Tuesday, July 21, 2009

Speaking Good Of People

A while ago (few weeks, a month or two, chronology has never been my forté) I was reading a blog called Pyromaniacs. Since this is a Calvinist/Cesationist blog fairly frequently they do posts on why the gifts are not for today etc... Which in general I skip, occasionally there are other things I find of interest. However reading one specific comment thread, there was a continualist who basically called Warfield a fool.

That got me thinking. Much as I believe that Warfield was dead wrong in his racism, theistic evolution, calvinism, and cessationism, I would not speak too harshly of him. Here's why: 1. He is dead... nothing I say about him is going to alter his eternal state for better or worse, so it is pointless. 2. Vilifying someone's wrong doctrine does not improve my own doctrine which will stand or fall on its own truthfulness. Actually since it is God who opens our minds to see truth, if He sees us mock others who are benighted, He may very well withhold light from us. 3. If Warfield was as wrong as I believe he was, then he has already had his theology rectified by Christ when he passed away. If there was no reward waiting for him, or his work was found to be unacceptable to God than he is already suffering loss for his error, and I would hate to kick a man while he is down.
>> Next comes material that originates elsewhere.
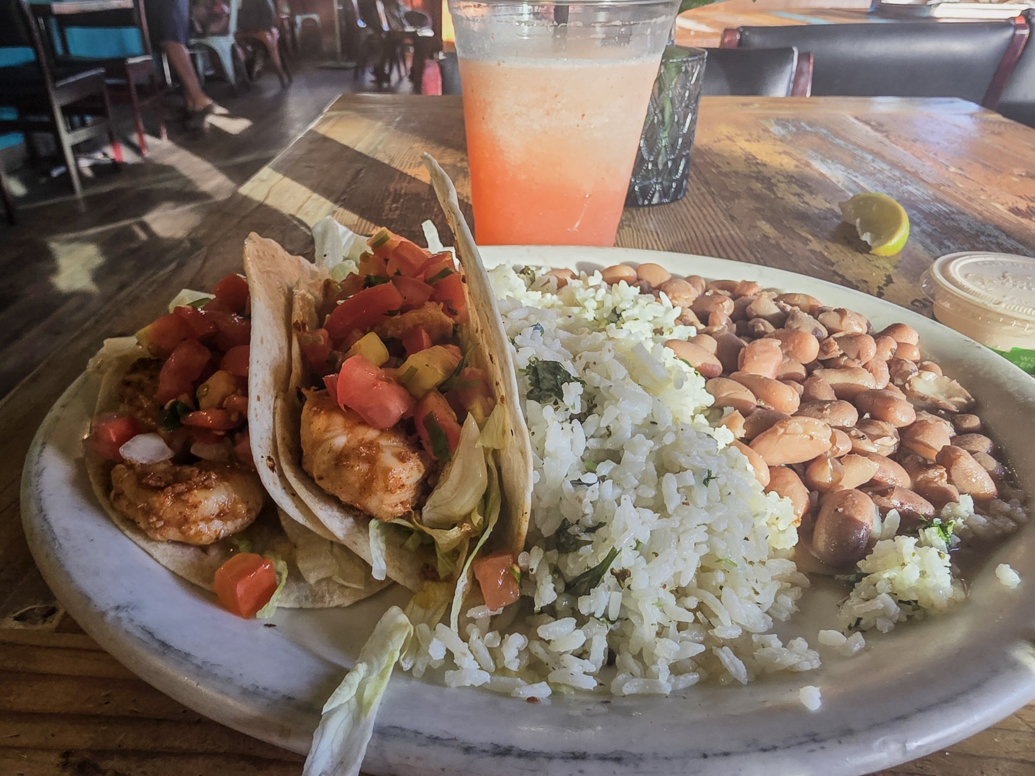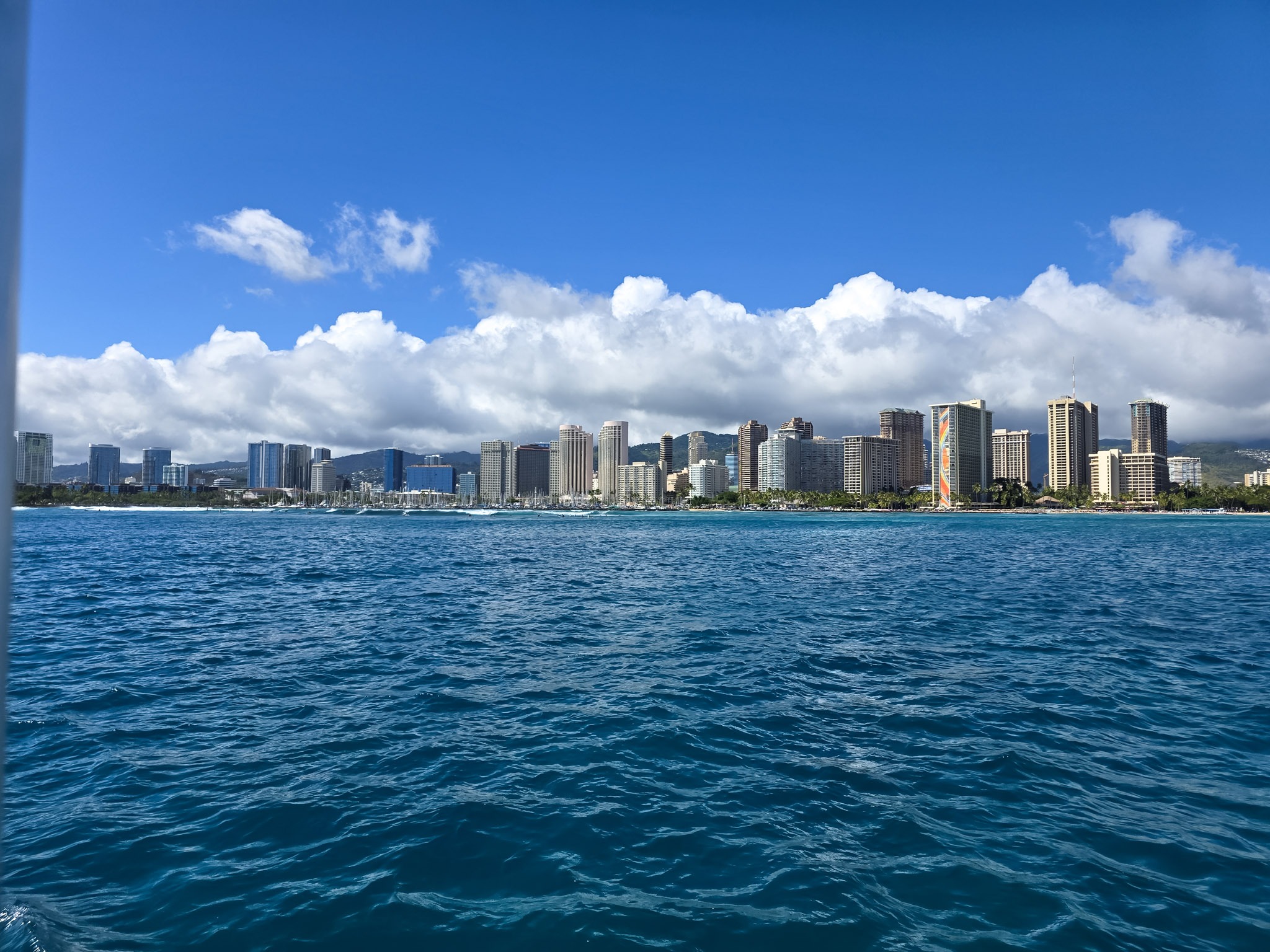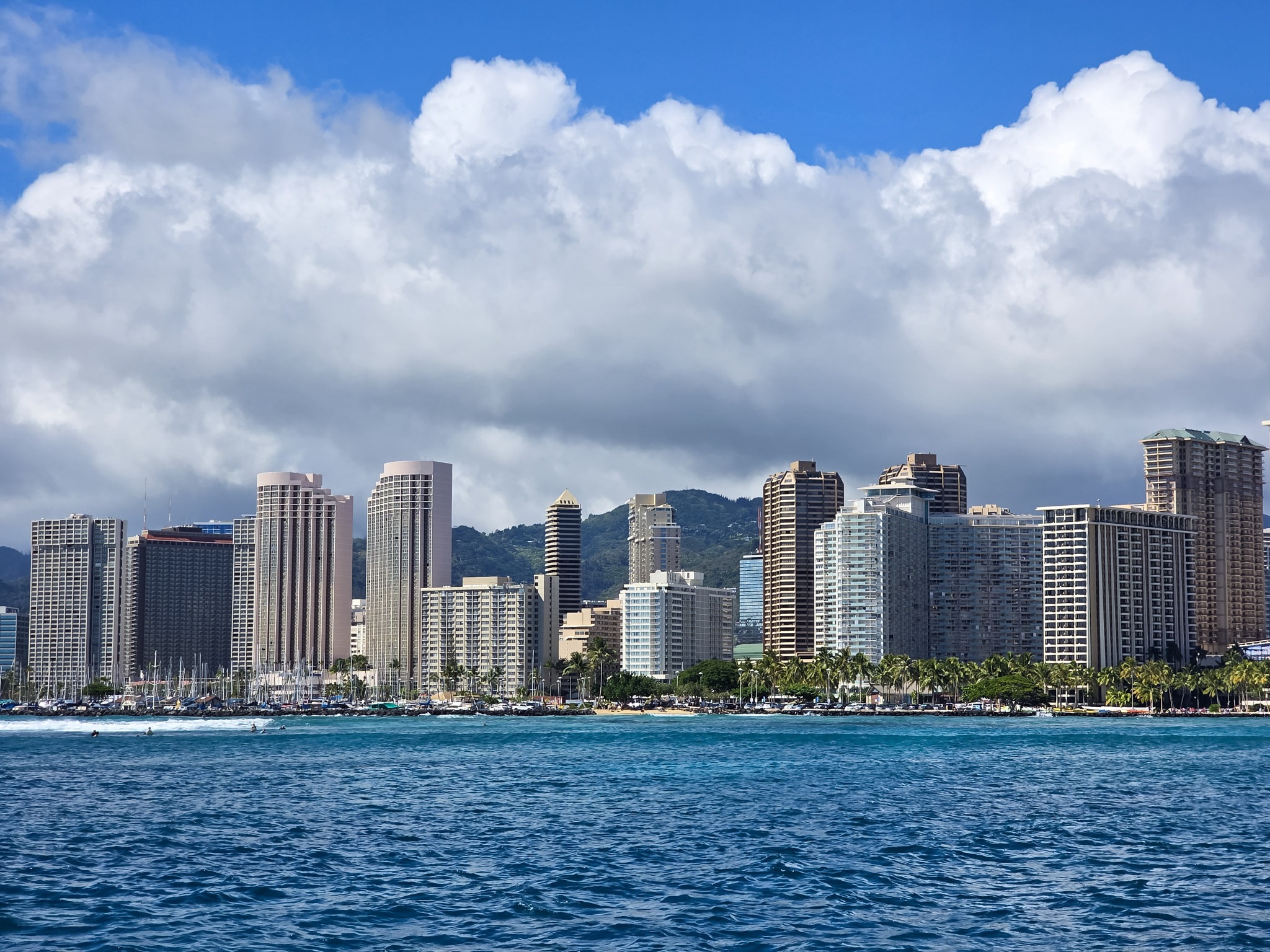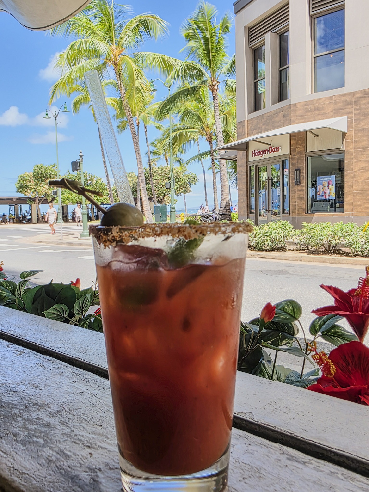 Food and drinks! Shrimp tacos, rice and beans, and a refreshing cocktail welcomed me to Waikiki. In Waikiki, you can go to most places on foot. There are several restaurants, bars, and stores along the streets, and many beachfront properties. The restaurant was located on the second floor, so I took in the beauty of the ocean, the vast green palms, and the people’s happiness from above.

Think about it, here is a human life, a man lives a full life, through his share of joys and sorrows that that entails, if his life does not count for eternity, that is certainly too tragic to mock, and out of knowledge of our own frailties and need of mercy if for no other reason we should be careful how we speak of men.

We all have our theological heroes and villains, but we should be careful how we speak of people. Yes, we must fight error, and counter it with truth, but we do not have to vilify those who uphold error. God is their judge and also is ours. It is said of Christ that He judges and makes war in righteousness (Rev. 19:11), and Michael the archangel did not use vilifying words even to the devil (Jude 1:9).

Since we are followers of one who could weep and have pity for those who were killing Him even though He knew many of them would even reject His sacrifice (Luke 23:28), let us imitate Him.